• [Task goal]
Reproduce the data below word for word, setting aside any picture it holds.

• [Data segment]

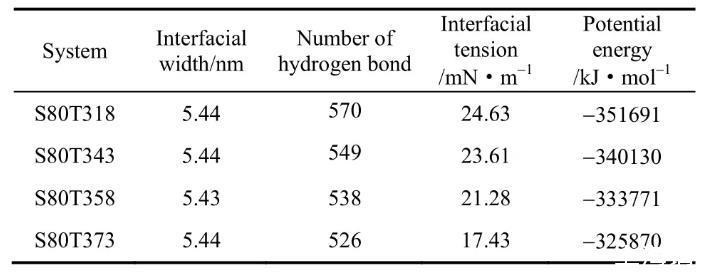 表2通過界面張力、表面活性劑與水的氫鍵數(shù)量、勢(shì)能3組數(shù)據(jù)對(duì)比得出表面活性劑的界面張力隨著溫度升高而降低的結(jié)論。數(shù)據(jù)表明在4組模擬實(shí)驗(yàn)過程中,界面的寬度并沒有發(fā)生改變。因此界面張力下降的主要原因是由于OPES勢(shì)能的降低導(dǎo)致分子之間的作用力也隨之降低。
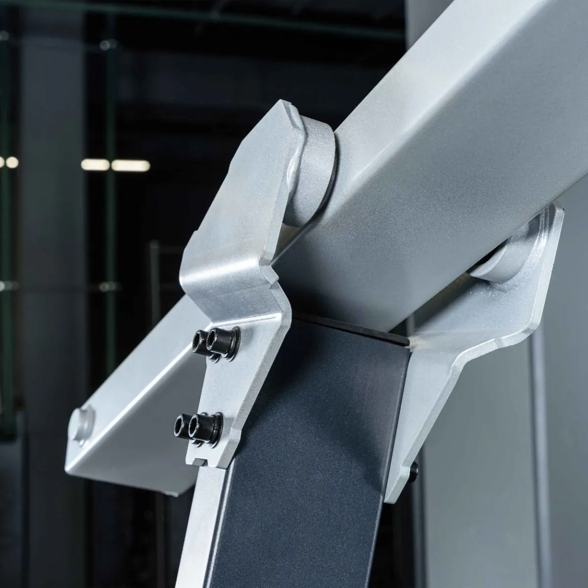 На раме тренажера установлено шесть хромированных накопителей из толстостенной стальной трубы для хранения свободных весов и два на подвижных рычагах.
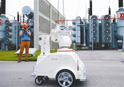 6月7日,在上海电力公司特高压练塘站,机器人“瓦力”在站内巡检。
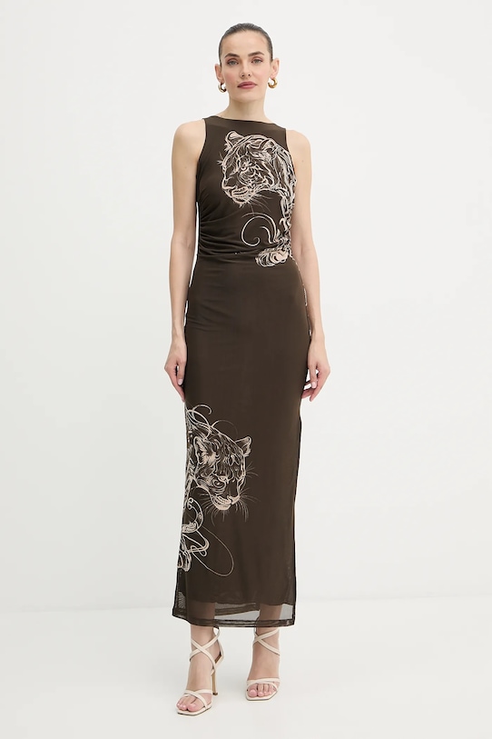 Это платье из коллекции Guess выполнено из тонкого эластичного трикотажа. Содержание полиэстера делает ткань менее мнущейся. - Содержит переработанный пластик. - Приталенный крой с привлекательными оборками. - Классический круглый вырез. - Модель с открытой спиной. - Модель с аппликацией. - Ширина под мышками: 42 см. - Ширина талии: 34 см. - Длина: 145 см. - Размеры указаны для размера: S.

• [Solution below]
 表2通過界面張力、表面活性劑與水的氫鍵數(shù)量、勢(shì)能3組數(shù)據(jù)對(duì)比得出表面活性劑的界面張力隨著溫度升高而降低的結(jié)論。數(shù)據(jù)表明在4組模擬實(shí)驗(yàn)過程中,界面的寬度并沒有發(fā)生改變。因此界面張力下降的主要原因是由于OPES勢(shì)能的降低導(dǎo)致分子之間的作用力也隨之降低。
 На раме тренажера установлено шесть хромированных накопителей из толстостенной стальной трубы для хранения свободных весов и два на подвижных рычагах.
 6月7日,在上海电力公司特高压练塘站,机器人“瓦力”在站内巡检。
 Это платье из коллекции Guess выполнено из тонкого эластичного трикотажа. Содержание полиэстера делает ткань менее мнущейся. - Содержит переработанный пластик. - Приталенный крой с привлекательными оборками. - Классический круглый вырез. - Модель с открытой спиной. - Модель с аппликацией. - Ширина под мышками: 42 см. - Ширина талии: 34 см. - Длина: 145 см. - Размеры указаны для размера: S.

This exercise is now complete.